Recently, I’ve been working a lot with Future Stories. Future Stories enable you to describe the future state of a project that you’re working on, so that others understand that project and participate in making it happen.
For example, imagine you are working on a strategic dashboard. You have met with all the stakeholders and collected their requirements and how those requirements help them solve business problems that are facing them. What do you do next?
Well, you could meet with them as a group, review the list of user requirements, and ask them to help you set priorities for data gathering. (Boring, especially for executives. You probably wouldn’t get far with this approach.) Or you could craft a Future Story, a story that describes how their futures will be different with the dashboard that you are designing.
Your Future Story sounds very similar to a story: it has characters (different stakeholders of the dashboard); a plot (what they are trying to do with the data that the dashboard allows them to do); and vivid language (“Buck took a huge swig of his coffee as he sat looking at the company numbers on his phone”). It has problems, conflicts, that your solution illuminates and provides answers to. It opens with a strong hook and finishes with an Aha moment. It involves the reader emotionally, invokes their imagination.
A Future Story helps participants in the process envision themselves in a future that you want to create with whatever it is that you’re working on. It gives them a chance to see their requirements through your eyes – and to let you know if you’ve missed anything. It rallies their support for your project or your approach so you can move forward.
So how do you craft a Future Story?
Here’s what I’ve been recommending: start with the characters. Think about the stakeholders, what makes them tick. What do they want, need, desire? How are they feeling? What problems do they need to solve? If there are similar characters, you can collapse them together.
Ask yourself, how those characters might they interact with the solution that you’re providing. For the dashboard, there might be a CEO character who needs to move the business forward strategically; a CFO character who needs to protect the bottom line; a Sales Leadership character, who needs to see the top-line numbers go up; and an Analyst who might be charged with figuring out why the numbers are going up. Maybe there’s a Manager, whose team is struggling to keep up with the work, and for whom the numbers can help make a case for staffing up. And there might be a Business Intelligence team, tasked with presenting an ever-shifting sea of information on limited resources.
What challenges might those people face as a team? How might your dashboard help them face those challenges? What might they see when they look at the dashboard? How does the dashboard help them solve problems or get to the root of problems or help them make decisions? These interactions can become your plot.
How will things have changed for them? It wouldn’t hurt to have them reflect back to the past (i.e. today) when they didn’t have the dashboard and couldn’t get the data that they needed to make these decisions. Let them laugh about it, the way you laugh when the challenges are in your past.
Write a draft. Then analyze your draft, as if someone else had written it. What themes emerge? What is the overriding message that comes out of the story. Based on this analysis, you may make edits to tighten things up, to emphasize certain aspects.

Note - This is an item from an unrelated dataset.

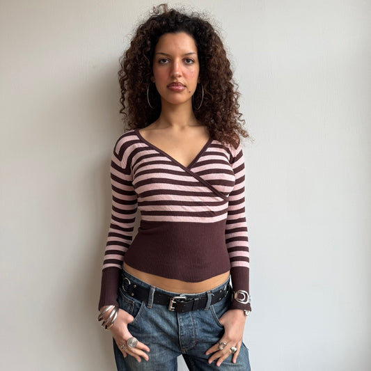 Pink and brown ballet wrap knit - Size S

Make sure the Future Story is written in the past tense. (“Buck looked at the data and recognized…”) vs. the future possible (“Buck could look at the data…”) – this makes it easier for people to put themselves in that future.
Then begin sharing the story with others. How you do this depends on your talents. You could write it; you could storytell it; you could do a video illustrating it or draw a graphic novel. Whatever works for you.
But you must begin telling the story. First, to allow people to flesh out and help you align your vision with their needs. Then, to allow people to buy into and support the future you are proposing.